— Required work —
Down to the last line below, write out every line exactly, starting with the one that contains "Black and white" and leaving out the pictures.

(Items listed in a dataset)

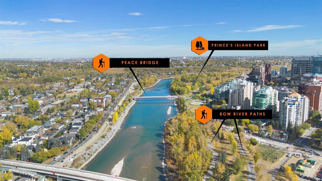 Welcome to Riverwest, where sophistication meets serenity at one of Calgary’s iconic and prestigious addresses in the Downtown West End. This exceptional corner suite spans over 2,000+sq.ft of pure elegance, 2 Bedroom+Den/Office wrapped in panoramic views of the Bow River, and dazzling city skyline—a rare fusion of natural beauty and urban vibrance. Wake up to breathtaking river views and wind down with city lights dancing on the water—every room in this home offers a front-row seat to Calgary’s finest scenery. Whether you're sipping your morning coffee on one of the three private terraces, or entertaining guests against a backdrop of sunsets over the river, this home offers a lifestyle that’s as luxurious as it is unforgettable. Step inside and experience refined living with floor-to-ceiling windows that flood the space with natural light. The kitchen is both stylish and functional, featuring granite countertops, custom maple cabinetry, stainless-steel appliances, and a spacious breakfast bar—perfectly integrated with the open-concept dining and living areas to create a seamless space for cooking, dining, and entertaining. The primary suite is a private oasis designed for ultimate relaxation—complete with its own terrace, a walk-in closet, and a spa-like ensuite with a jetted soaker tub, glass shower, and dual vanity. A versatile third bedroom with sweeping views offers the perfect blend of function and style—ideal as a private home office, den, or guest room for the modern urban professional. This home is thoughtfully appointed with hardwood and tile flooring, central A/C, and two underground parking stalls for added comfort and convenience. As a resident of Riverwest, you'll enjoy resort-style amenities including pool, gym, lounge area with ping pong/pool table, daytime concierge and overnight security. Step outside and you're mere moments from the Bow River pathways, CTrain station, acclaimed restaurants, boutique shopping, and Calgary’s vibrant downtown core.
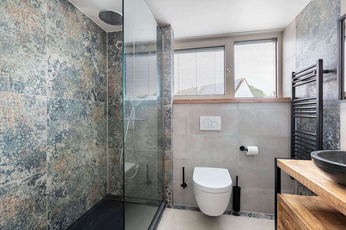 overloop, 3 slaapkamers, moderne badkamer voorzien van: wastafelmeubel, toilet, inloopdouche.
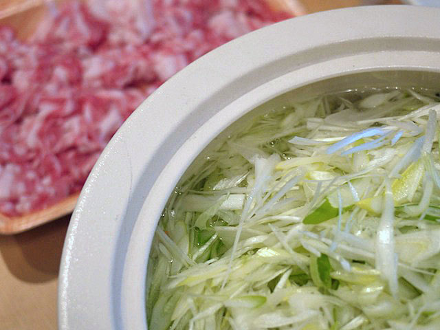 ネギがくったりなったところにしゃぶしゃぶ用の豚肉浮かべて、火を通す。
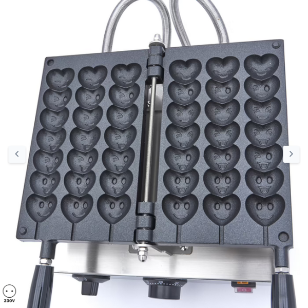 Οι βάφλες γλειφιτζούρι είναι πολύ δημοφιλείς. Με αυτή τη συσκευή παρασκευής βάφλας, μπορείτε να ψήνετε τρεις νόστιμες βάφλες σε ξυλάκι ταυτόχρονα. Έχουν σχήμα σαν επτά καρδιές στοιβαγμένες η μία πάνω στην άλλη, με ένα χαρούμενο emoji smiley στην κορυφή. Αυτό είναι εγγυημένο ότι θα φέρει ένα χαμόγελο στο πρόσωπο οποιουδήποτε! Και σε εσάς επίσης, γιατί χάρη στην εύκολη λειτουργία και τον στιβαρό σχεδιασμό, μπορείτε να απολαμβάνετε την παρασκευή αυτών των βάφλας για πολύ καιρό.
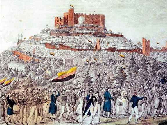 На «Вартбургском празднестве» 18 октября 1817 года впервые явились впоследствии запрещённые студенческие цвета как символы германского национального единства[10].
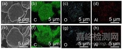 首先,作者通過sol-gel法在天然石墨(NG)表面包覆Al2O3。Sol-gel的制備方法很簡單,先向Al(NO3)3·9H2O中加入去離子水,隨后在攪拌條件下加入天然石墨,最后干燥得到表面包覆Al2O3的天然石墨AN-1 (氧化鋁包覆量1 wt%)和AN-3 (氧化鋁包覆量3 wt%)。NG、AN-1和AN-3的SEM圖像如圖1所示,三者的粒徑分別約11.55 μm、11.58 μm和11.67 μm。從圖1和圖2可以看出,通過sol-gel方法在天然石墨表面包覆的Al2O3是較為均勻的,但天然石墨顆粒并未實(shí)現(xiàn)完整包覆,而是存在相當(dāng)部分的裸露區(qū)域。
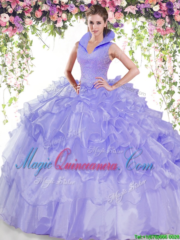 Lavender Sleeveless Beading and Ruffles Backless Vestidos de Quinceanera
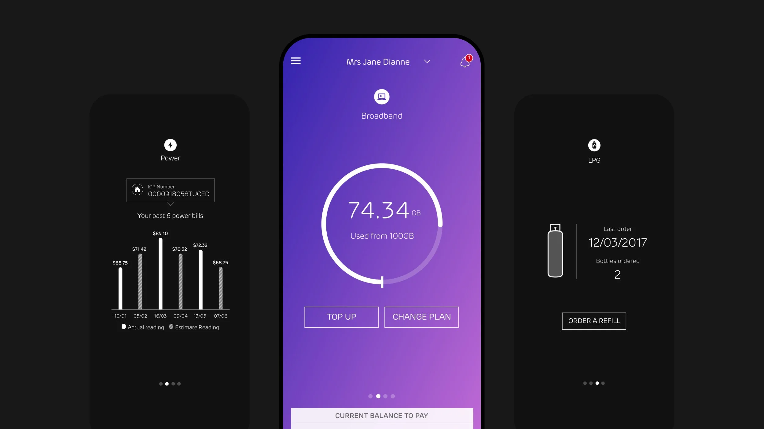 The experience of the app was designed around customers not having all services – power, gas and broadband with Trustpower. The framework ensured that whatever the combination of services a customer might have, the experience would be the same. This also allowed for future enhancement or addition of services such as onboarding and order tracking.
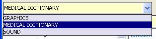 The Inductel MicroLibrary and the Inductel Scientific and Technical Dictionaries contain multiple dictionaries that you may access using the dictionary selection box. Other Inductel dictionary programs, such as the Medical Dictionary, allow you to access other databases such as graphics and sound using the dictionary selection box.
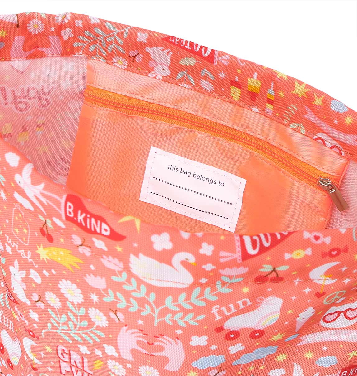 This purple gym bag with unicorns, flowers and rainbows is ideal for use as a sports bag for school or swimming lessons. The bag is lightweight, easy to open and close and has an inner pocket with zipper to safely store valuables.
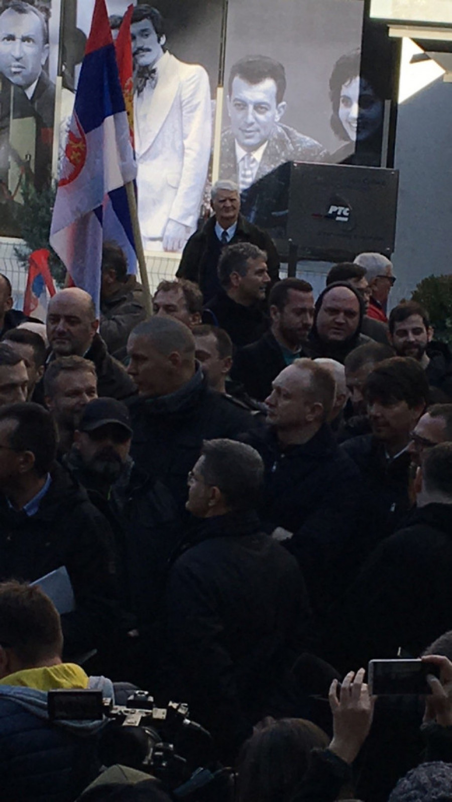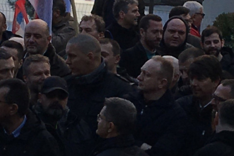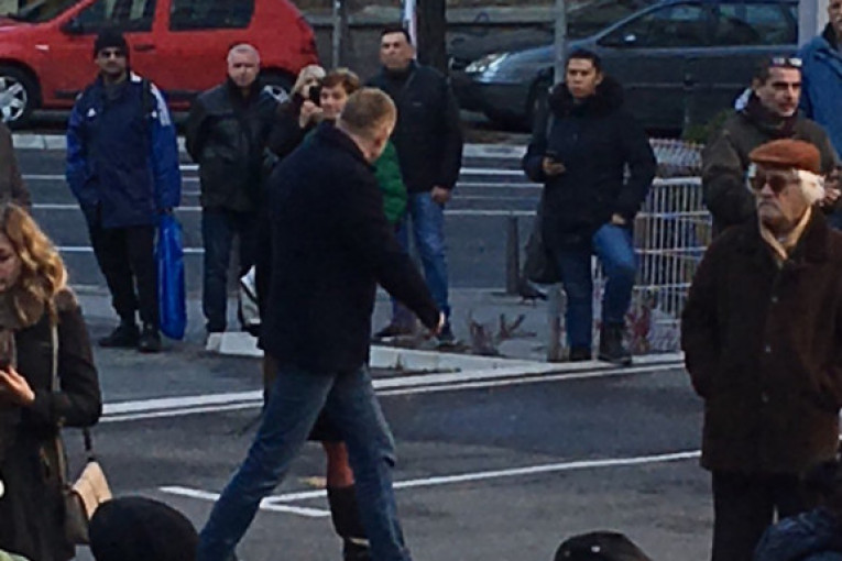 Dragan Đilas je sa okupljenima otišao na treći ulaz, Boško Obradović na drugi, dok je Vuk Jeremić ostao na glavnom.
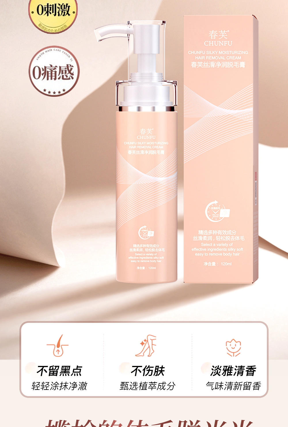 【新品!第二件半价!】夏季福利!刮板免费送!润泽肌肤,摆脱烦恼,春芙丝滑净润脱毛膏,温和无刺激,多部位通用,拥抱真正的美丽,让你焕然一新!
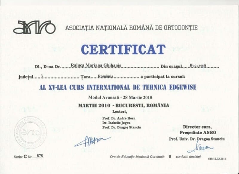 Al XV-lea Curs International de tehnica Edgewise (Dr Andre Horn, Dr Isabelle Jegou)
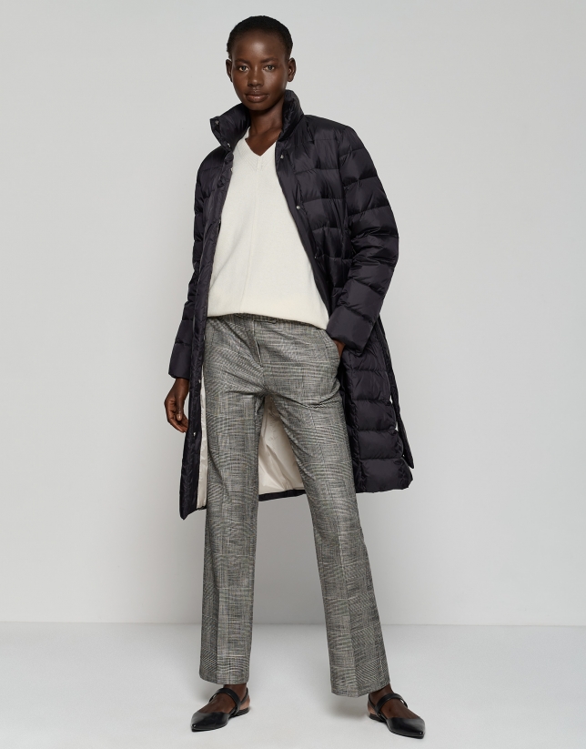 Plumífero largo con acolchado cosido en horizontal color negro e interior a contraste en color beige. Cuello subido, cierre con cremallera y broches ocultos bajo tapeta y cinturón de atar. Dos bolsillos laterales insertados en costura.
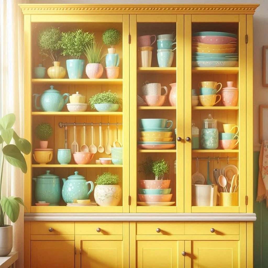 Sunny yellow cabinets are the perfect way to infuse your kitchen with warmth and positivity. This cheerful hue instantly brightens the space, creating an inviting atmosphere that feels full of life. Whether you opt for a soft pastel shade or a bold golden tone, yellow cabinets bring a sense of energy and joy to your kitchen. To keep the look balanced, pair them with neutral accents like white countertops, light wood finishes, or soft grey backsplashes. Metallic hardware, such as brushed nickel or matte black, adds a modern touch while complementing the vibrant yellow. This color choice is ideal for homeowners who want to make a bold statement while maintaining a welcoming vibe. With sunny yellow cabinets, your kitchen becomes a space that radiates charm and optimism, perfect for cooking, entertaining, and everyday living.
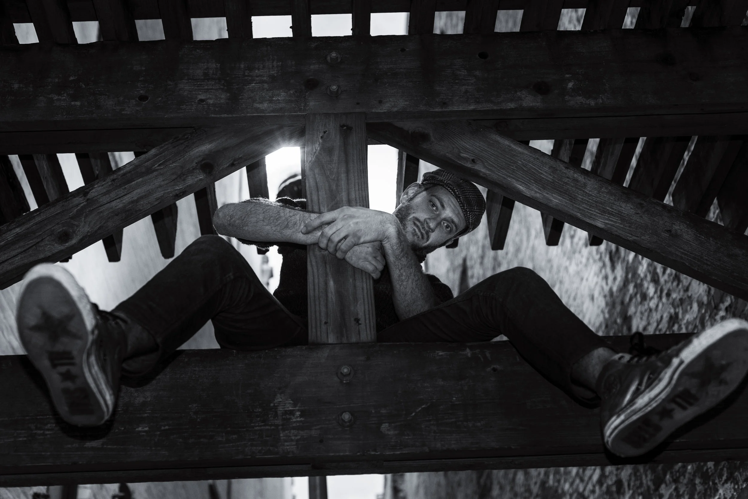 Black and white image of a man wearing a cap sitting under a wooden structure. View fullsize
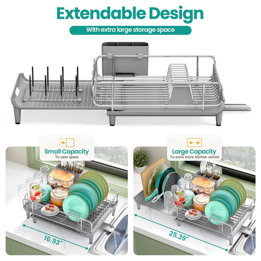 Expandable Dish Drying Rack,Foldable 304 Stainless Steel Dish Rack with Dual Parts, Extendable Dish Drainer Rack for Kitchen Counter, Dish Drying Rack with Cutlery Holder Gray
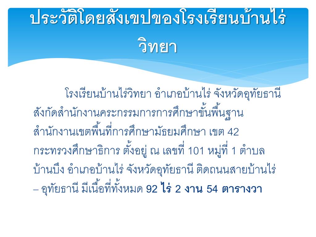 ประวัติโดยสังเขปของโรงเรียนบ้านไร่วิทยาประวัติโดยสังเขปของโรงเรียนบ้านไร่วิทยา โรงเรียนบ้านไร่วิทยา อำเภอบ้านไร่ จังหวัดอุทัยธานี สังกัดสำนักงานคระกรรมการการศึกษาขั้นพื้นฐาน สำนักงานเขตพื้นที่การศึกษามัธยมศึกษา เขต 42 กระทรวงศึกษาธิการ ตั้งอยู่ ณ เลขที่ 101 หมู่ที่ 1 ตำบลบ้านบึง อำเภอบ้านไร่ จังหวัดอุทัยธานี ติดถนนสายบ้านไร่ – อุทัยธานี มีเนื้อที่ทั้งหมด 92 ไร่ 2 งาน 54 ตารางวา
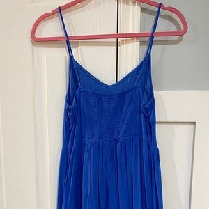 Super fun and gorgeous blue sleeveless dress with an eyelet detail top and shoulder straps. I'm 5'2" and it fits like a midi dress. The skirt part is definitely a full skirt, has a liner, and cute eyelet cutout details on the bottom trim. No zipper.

— Result of this exercise —
 Black and white image of a man wearing a cap sitting under a wooden structure. View fullsize
 Expandable Dish Drying Rack,Foldable 304 Stainless Steel Dish Rack with Dual Parts, Extendable Dish Drainer Rack for Kitchen Counter, Dish Drying Rack with Cutlery Holder Gray
 ประวัติโดยสังเขปของโรงเรียนบ้านไร่วิทยาประวัติโดยสังเขปของโรงเรียนบ้านไร่วิทยา โรงเรียนบ้านไร่วิทยา อำเภอบ้านไร่ จังหวัดอุทัยธานี สังกัดสำนักงานคระกรรมการการศึกษาขั้นพื้นฐาน สำนักงานเขตพื้นที่การศึกษามัธยมศึกษา เขต 42 กระทรวงศึกษาธิการ ตั้งอยู่ ณ เลขที่ 101 หมู่ที่ 1 ตำบลบ้านบึง อำเภอบ้านไร่ จังหวัดอุทัยธานี ติดถนนสายบ้านไร่ – อุทัยธานี มีเนื้อที่ทั้งหมด 92 ไร่ 2 งาน 54 ตารางวา
 Super fun and gorgeous blue sleeveless dress with an eyelet detail top and shoulder straps. I'm 5'2" and it fits like a midi dress. The skirt part is definitely a full skirt, has a liner, and cute eyelet cutout details on the bottom trim. No zipper.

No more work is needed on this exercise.